Research and Development (“R&D”), Sales and Marketing, and General and Administrative (“G&A”)
Expenses
R&D, sales and marketing, and G&A expenses are summarized in the following table (in millions, except
percentages):
Years Ended July 28, 2012 July 30, 2011
Variance
in Dollars
Variance
in Percent July 30, 2011 July 31, 2010
Variance
in Dollars
Variance
in Percent
Research and development ...... $ 5,488 $ 5,823 $(335) (5.8)% $ 5,823 $ 5,273 $ 550 10.4%
Percentage of net sales ......... 11.9% 13.5% 13.5% 13.2%
Sales and marketing ............ 9,647 9,812 (165) (1.7)% 9,812 8,782 1,030 11.7%
Percentage of net sales ......... 20.9% 22.7% 22.7% 21.9%
General and administrative ...... 2,322 1,908 414 21.7% 1,908 1,933 (25) (1.3)%
Percentage of net sales ......... 5.0% 4.4% 4.4% 4.8%
Total .................... $17,457 $17,543 $ (86) (0.5)% $17,543 $15,988 $1,555 9.7%
Percentage of net sales ..... 37.9% 40.6% 40.6% 39.9%
Fiscal 2010 had an extra week compared with fiscal 2011. We estimate that the extra week contributed
approximately $150 million of additional research and development, sales and marketing, and general and
administrative expense in fiscal 2010.
R&D Expenses
Fiscal 2012 Compared with Fiscal 2011
The decrease in R&D expenses for fiscal 2012, as compared with fiscal 2011, was primarily due to lower
headcount-related expenses resulting from our restructuring actions initiated in the fourth quarter of fiscal 2011
and lower share-based compensation expense.

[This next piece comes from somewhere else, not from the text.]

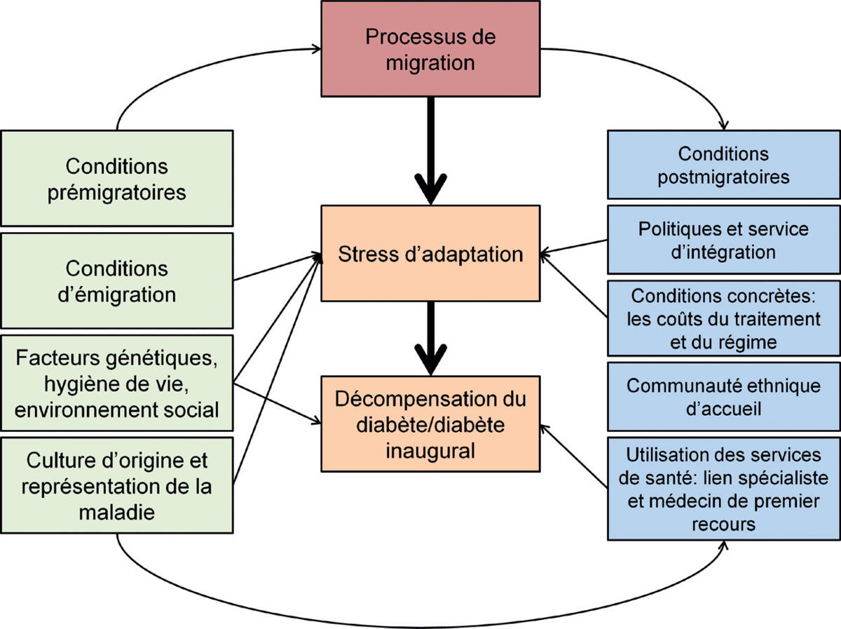 le vécu d’une maladie chronique telle que le diabète, maladie initialement asympto-matique, intègre les conditions prémigratoires (facteurs génétiques, hygiène de vie), les conditions de migration ainsi que les conditions postmigratoires : selon le rôle du migrant dans la communauté, des difficultés se greffent sur la gestion des différents temps de la vie quotidienne, empêchant une prise en charge adéquate de cette maladie ;

Additionally, R&D expenses declined due to lower acquisition-
related expenses, which was driven by the absence in fiscal 2012 of certain compensation payments that were
paid in the prior year.
We continue to invest in R&D in order to bring a broad range of products to market in a timely fashion. If we
believe that we are unable to enter a particular market in a timely manner with internally developed products, we
may purchase or license technology from other businesses, or we may partner with or acquire businesses as an
alternative to internal R&D.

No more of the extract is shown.